Thangbrand, hand clenched tightly on his sword, was striding about the hall, the embodiment of bottled fury. He kept glancing over at me. In a low voice, shaking with rage, he said: ‘Search their chests; and start with his.’ And he thrust out a finger directly at me. There was nothing in my chest, of course, except dirty clothes, as was soon proved. But Thangbrand continued to glare at me while the search was widened. The outlaws started hauling out the chests of their friends from against the wall of the hall where they were normally kept and pawing through their trinkets, keepsakes, smelly old hose and crusty drawers. No ruby was found. Instead, an infectious air of suppressed hilarity passed through the assembled men and women, with outlaws trying on each other’s clothing and cavorting around the hall to jeers and cheers. Then suddenly, Will Scarlet gave a great yell of triumph and everybody stopped and stared at him. Held above his head, glinting bloodily in the sunlight, was the great ruby.

‘Where did you find it, boy?’ asked Hugh. Will’s eyes opened wide. It was almost comical: he had belatedly realised what his find meant. He said nothing but he was staring straight at Guy, who was standing near the open door. ‘Where did you find it, boy?’ said Hugh once again, with iron in his voice. ‘In whose chest did you find it?’ Will was still staring at Guy and then with shaking hands he lifted his finger and pointed straight at him.

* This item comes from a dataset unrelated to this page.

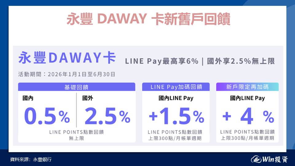 如果你是 LINE Pay 的重度使用者,2026 上半年新戶申辦 DAWAY 卡有 6%回饋,相當值得。

Guy’s face went white. He said: ‘No, no . . .’ The hall was frozen in shock. Thangbrand’s son? How could Guy steal from his father? Thangbrand’s face was crimson with fury. In the silence, the rattling scrape of his sword being drawn. Then, blade in hand, Thangbrand stalked towards his grey-faced son. Guy was terrified: he lifted both hands out in front of him, fingers outstretched, as if to push away the silent accusation; to insist upon his innocence. But Thangbrand was still advancing, naked sword in his fist. Then, suddenly, Guy’s nerve snapped and he turned, quick as a rat, and dashed out through the open door of the hall and away into the sunshine.

Chapter Eight

After a long life, in which I have committed many sins, I look back on that moment in Thangbrand’s hall with mixed but powerful feelings. I did a terrible thing by hiding the ruby in Guy’s chest; and I fully meant to cause the harm that it did - breaking for ever the bond of love that had existed between Guy and his father Thangbrand. And Thangbrand, in his rough way, did love Guy. He loved him even after the discovery of the jewel in his chest. If Guy had not run, if he had kept his nerve and denied the theft and stood his ground, he might have been punished but Thangbrand would never have killed his own son.